→ **What is needed**
Take the material below and extract the lines from the one with "În data de 27.10.2022" through the one with "商品名称:耀森 防爆应急标志", word for word, without pictures.

□ □ □ □

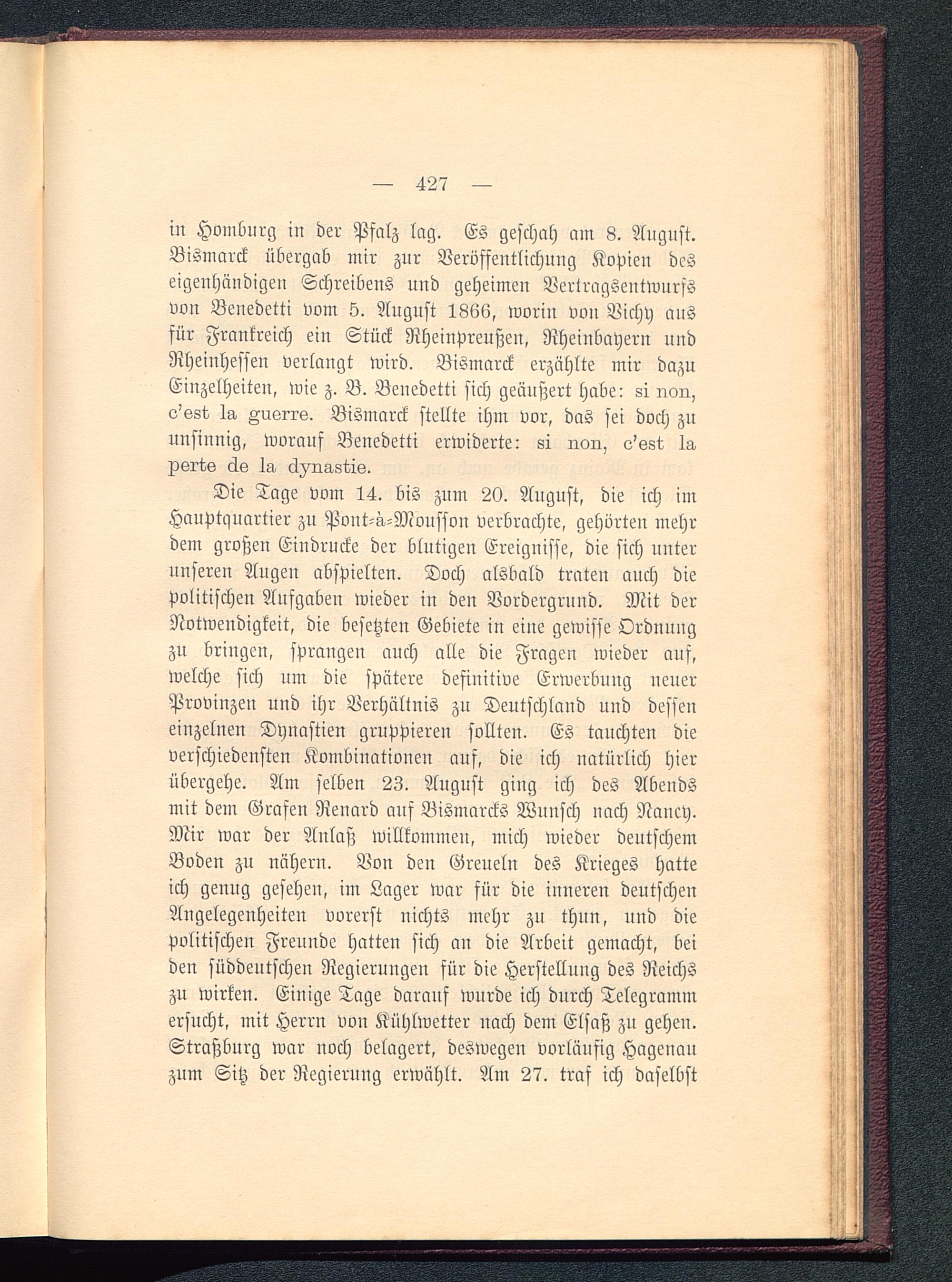 Die Tage vom 14. bis zum 20. August, die ich imHauptquartier zu Pont-g-Monsson verbrachte, gehörten mehrdem großen Eindrucke der blutigen Ereignisse, die sich uuterunseren Augen abspielten. Doch alsbald traten auch diePolitischen Aufgaben wieder in den Vordergrund. Mit derNotwendigkeit, die besetzten Gebiete in eine gewisse Ordnungzu bringen, sprangen auch alle die Fragen wieder auf,welche sich um die spätere definitive Erwerbung neuerProvinzen und ihr Verhältnis zu Deutschland und desseneinzelnen Dynastien gruppieren sollten. Es tauchten dieverschiedensten Kombinationen auf, die ich natürlich hierübergehe. Am selben 23. August ging ich des Abendsmit dem Grafen Reuard auf Bismarcks Wunsch nach Naney.Mir war der Anlaß willkommen, mich wieder deutschemBoden zu nähern. Von den Greueln des Krieges hatteich genug gesehen, im Lager war für die inneren deutschenAngelegenheiten vorerst uichts mehr zu thun, und diepolitischen Freuude hatteu sich an die Arbeit gemacht, beiden süddeutschen Regierungen für die Herstellung des Reichszu wirken. Einige Tage darauf wurde ich durch Telegrammersucht, mit Herrn von Kühlwetter nach dem Elsaß zn gehen.Straßburg war noch belagert, deswegen vorläufig Hagenauzum Sitz der Regierung erwählt. Am 27. traf ich daselbst
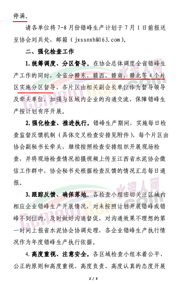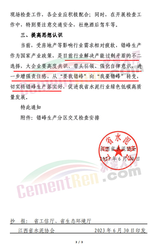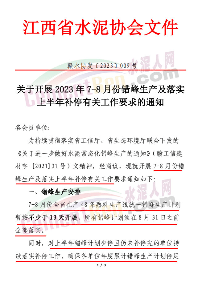 日前,江西省水泥協會通知全省在產 48 條熟料生產線將在7-8 月份統一錯峰生產13天以上,通知文件提到,當前,受房地產等影響行業需求相對疲軟,錯峰生產作為國家產業政策,是目前行業解決產能過剩矛盾的不二選擇,大企業要高度共識、帶頭引領、強化自律意識,進一步增強責任感,從“要我錯峰”向“我要錯峰”轉變切實將錯峰生產落實好。
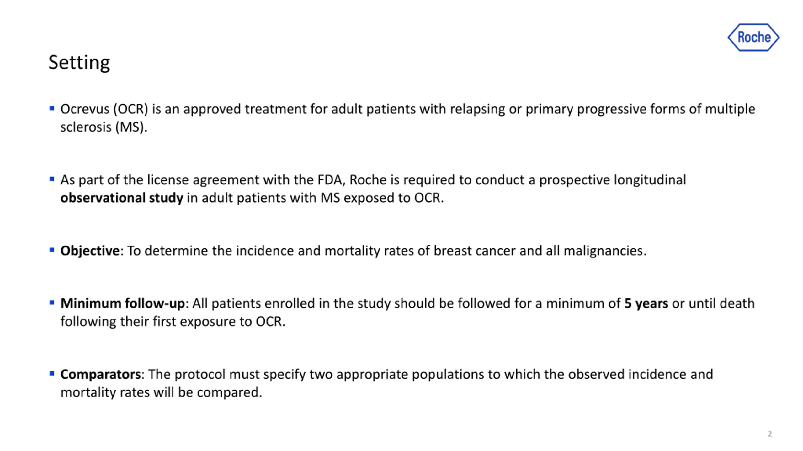 Setting Ocrevus (OCR) is an approved treatment for adult patients with relapsing or primary progressive forms of multiple sclerosis (MS). As part of the license agreement with the FDA, Roche is required to conduct a prospective longitudinal observational study in adult patients with MS exposed to OCR. Objective: To determine the incidence and mortality rates of breast cancer and all malignancies. Minimum follow-up: All patients enrolled in the study should be followed for a minimum of 5 years or until death following their first exposure to OCR. Comparators: The protocol must specify two appropriate populations to which the observed incidence and mortality rates will be compared. 2
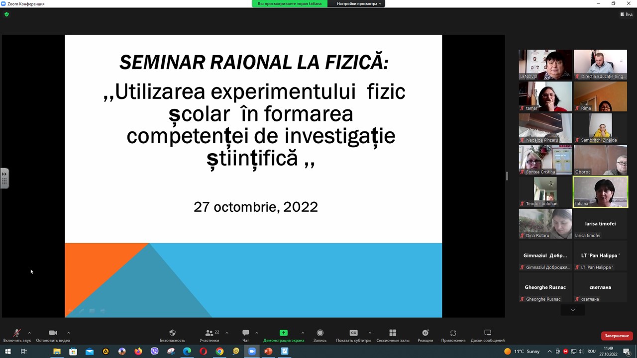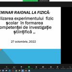 În data de 27.10.2022 s-a desfășurat seminarul raional a profesorilor de fizică, cu tematica: „Utilizarea experimentului fizic școlar în formarea competenței de investigație științifică. La seminar au participat profesorii de fizică din toate instituțiile de învățământ din raionul Sîngerei. Comunicările prezentate de doamnele profesoare de fizică: Bolohan Valentina, LT„I.Creangă” Rădoaia, Cirimpei Angela gim„V.Alecsandri”, Cucereavii Tatiana gim„Gr.Vieru” Heciul Nou, au arătat cum cu ajutorul experimentului putem dezvolta competențele de bază la fizică.
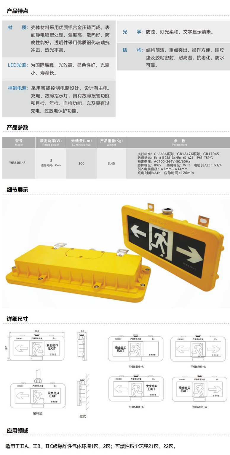 商品名称:耀森 防爆应急标志灯具,3W,白光,YHB6401-A,应急时间90min,左向箭头,壁式,单位:个
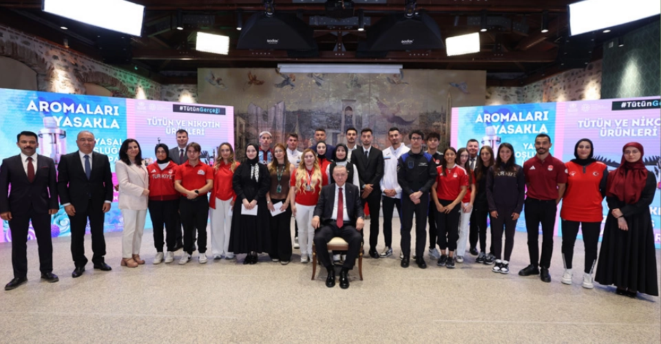 Cumhurbaşkanı Recep Tayyip Erdoğan, Tütün Ürünlerinin Zararlarının Önlenmesi Kanunu'nun yıl dönümünde Dolmabahçe Çalışma Ofisi’nde gençlerle ve sporcularla buluştu.
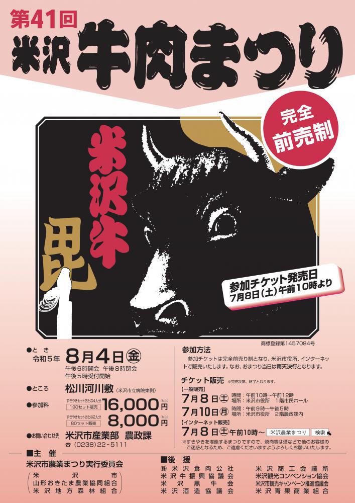 「米沢牛肉まつり」が8月4日(金)に開催されます。今回は『すき焼き』です!この機会に最高級の米沢牛をご堪能ください!! なお、参加チケットは完全前売り制ですので、下記の参加チケット購入方法をご確認ください。 【開催日時】令和5年8月4日(金)受付開始:午後5時開 会:午後6時閉 会:午後8時 【開催場所】松川河川敷(米沢市立病院東側) 【すき焼きセット内容】米沢市内の生産者が生産した最高級の米沢牛(4人分セット1kg、2人分セット500g)白菜、ネギ、糸こんにゃく、豆腐、春菊、えのき、舞茸、卵、すき焼きタレ、漬物、果物、箸、お椀なお、野菜の生育状況等によっては内容が一部変更となる場合がございます。 【参加チケット購入方法】チケット販売日時:令和5年7月8日(土)10:00〜12:00場 所:米沢市役所1階 市民ホール金 額:4人分セット16,000円、2人分セット8,000円 なお、インターネット販売についても同日10時から開始いたします。インターネット販売については、米沢の農業まつりHP(外部リンク)からご購入いただけます。 【ご購入の際の注意点】(1)市役所販売、インターネット販売共に先着順となります。(2)ご購入後の返金はいたしかねます。(3)牛肉まつり当日は、チケットとセット一式が引き換えとなりますので必ずご持参ください。 【お問い合せ】米沢牛肉まつり部会 事務局(米沢市農政課)住所:〒992-8501 米沢市金池5丁目2番25号 電話:22-5111農政課米沢牛振興室 内線4300・4301
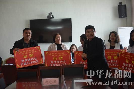 中華龍都網(wǎng)訊(周口報(bào)業(yè)全媒體記者 李瑞才 文/圖)4月26日上午,2018年“眾情大愛、精準(zhǔn)扶貧”捐贈(zèng)儀式在鹿邑縣掀開大幕。河南省扶貧開發(fā)協(xié)會、河南省“眾情大愛、精準(zhǔn)扶貧”項(xiàng)目組委會主任衛(wèi)建亞出席儀式并現(xiàn)場向鹿邑縣捐贈(zèng)1000臺價(jià)值180萬元的凈水設(shè)備。來自全縣24個(gè)鄉(xiāng)鎮(zhèn)(辦事處)的1000名貧困戶家庭很快就可以飲用到放心安全的“扶貧水”了。
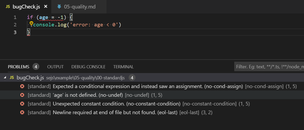 然後你可以在 Visual Studio Code 中安裝 StandardJs 的語法檢查器,就能在編輯的當下看到程式的問題。
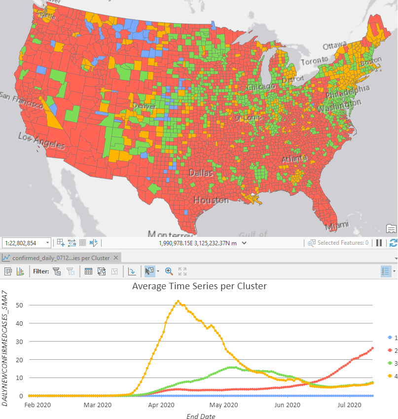 We can also go one step further and run the Time Series Clustering tool to discover the various types of stages for all the US counties: many counties (in red) still see surging cases like Ventura County, CA. Some counties (in yellow and green) have already flattened the curve after hitting a plateau at various time periods, like New York City and Cook County, IL where Chicago locates. Some counties (in blue) has never seen any confirmed cases yet.
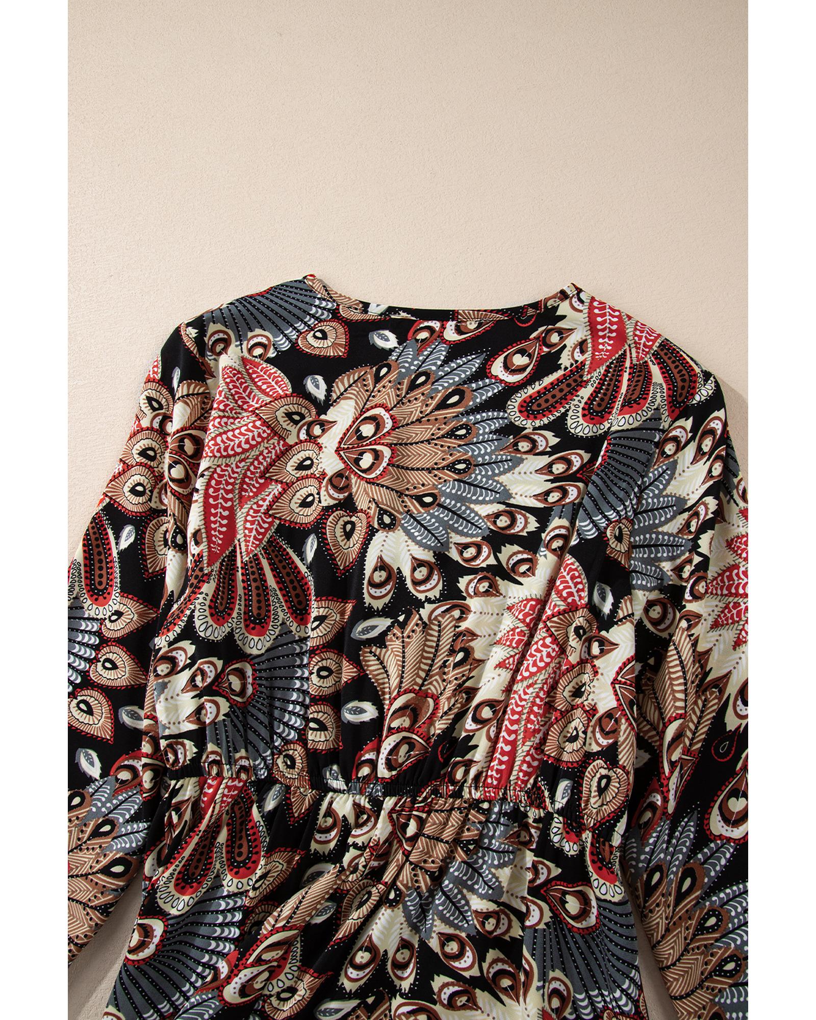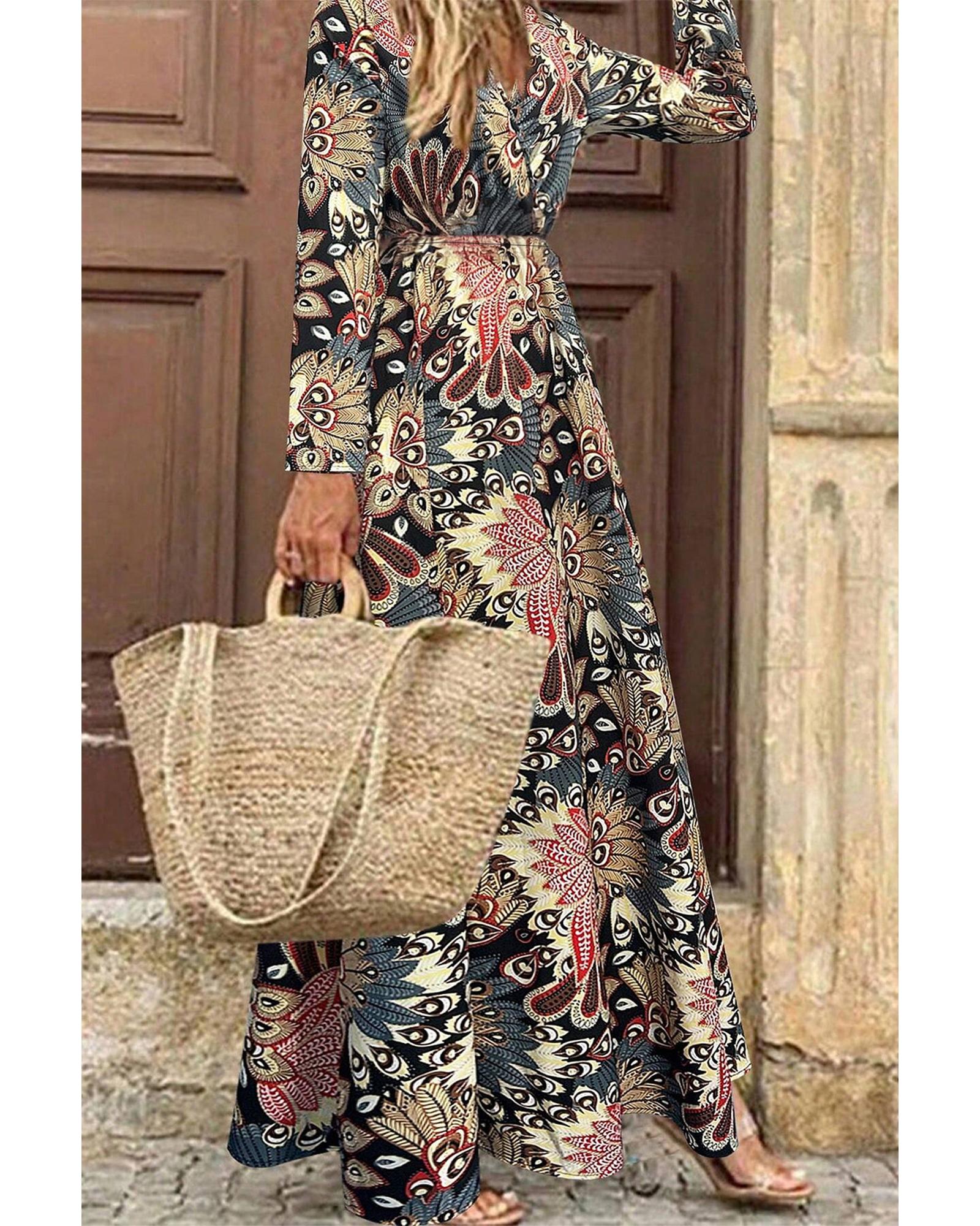 Black Floral Print V Neck Wrap High Waist Maxi Dress – S
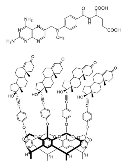 There is a wide range of literature available on the interactions between MTX and some macrocyclic compounds, e.g., cyclodextrins [12,13,14] and cucurbiturils [15], but just a limited number of researches were reported about the calixarene derivatives [16]. Moreover, no publication was found to describe the interaction of MTX with cavitands, despite that calixarenes and cavitands have some advantages compared with other host molecules, because they possess an aromatic cavity, which can embed MTX due to the π–π and CH–π interactions both inside and outside the cavity [16].
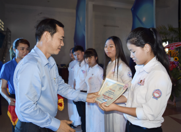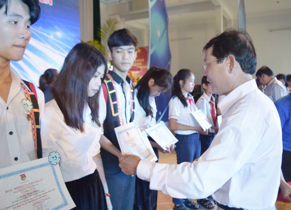 trao học bổng cho các em học sinh.

□ □ □ □

→ **Solution to this exercise**
 În data de 27.10.2022 s-a desfășurat seminarul raional a profesorilor de fizică, cu tematica: „Utilizarea experimentului fizic școlar în formarea competenței de investigație științifică. La seminar au participat profesorii de fizică din toate instituțiile de învățământ din raionul Sîngerei. Comunicările prezentate de doamnele profesoare de fizică: Bolohan Valentina, LT„I.Creangă” Rădoaia, Cirimpei Angela gim„V.Alecsandri”, Cucereavii Tatiana gim„Gr.Vieru” Heciul Nou, au arătat cum cu ajutorul experimentului putem dezvolta competențele de bază la fizică.
 商品名称:耀森 防爆应急标志灯具,3W,白光,YHB6401-A,应急时间90min,左向箭头,壁式,单位:个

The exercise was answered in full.